スピリチュアリティへの関心
島薗進「スピリチュアリティの興隆」(岩波書店)に以下の記述があります。
オウム事件以後、人心はもっと冷静になり合理的な精神の価値を見直すようになったのであろうか。そうとも言えない。「精神世界」のジャンルは21世紀に入った今も書店にいすわっている。「精神世界」への関心はやや形を変えて継続しており、さらに発展しているのかもしれない。日本だけではなく「癒やし」や「スピリチュアリティ(霊性)」への関心は先進諸国に共通に観られる傾向だ。これらの言葉に通底しているのは制度化された「宗教」とは違うものを求めようとする気持ちである。(略)老いも若きも、高学歴層もそうでない人々も、生きることの意味や拠り所を求め、死や喪失や苦しみに向き合う支えを必要としている。

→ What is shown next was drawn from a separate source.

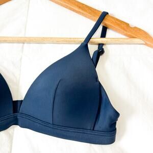Lululemon Waterside swim top in deep navy. Designed with a sleek triangle cut and adjustable straps for a customized fit. Light padding built-in for natural shaping and support. Iconic Lululemon logo featured on the band.

オウム事件はカルトの怖さを世に示しました。私は修習先の熊本地裁でオウム事件の審理を拝見しています。その異様さは心に焼き付いています。他方、阪神淡路大震災以降に相次いだ大規模災害により肉親や大切な人の死に直面した方々が多く生じたのも記憶に新しい所。最愛の人を一瞬で失い「生きる意味」を問われた方々が多く存在しましたが「制度化された既存宗教」は(本来ならば最も必要とされているときに)人々の心の求めに答えることが出来ませんでした。21世紀に入った今も「精神世界」ジャンルが書店にスペースを確保しています。スピリチュアリティ(霊性)への関心は確かに(悪質な霊感商法の下敷きになったり普通の社会生活を阻害するなど)不幸の源になることがあります。しかし「生きる意味」を求めるのは人間の本来的な(「実存的」な)問いなのです。その答えを探そうとする健全な認識は人間が良く生きるために不可欠なもの。人の生死や難儀に向き合う法律家(特に弁護士)にとって重要な見識ではないかと私は考えています。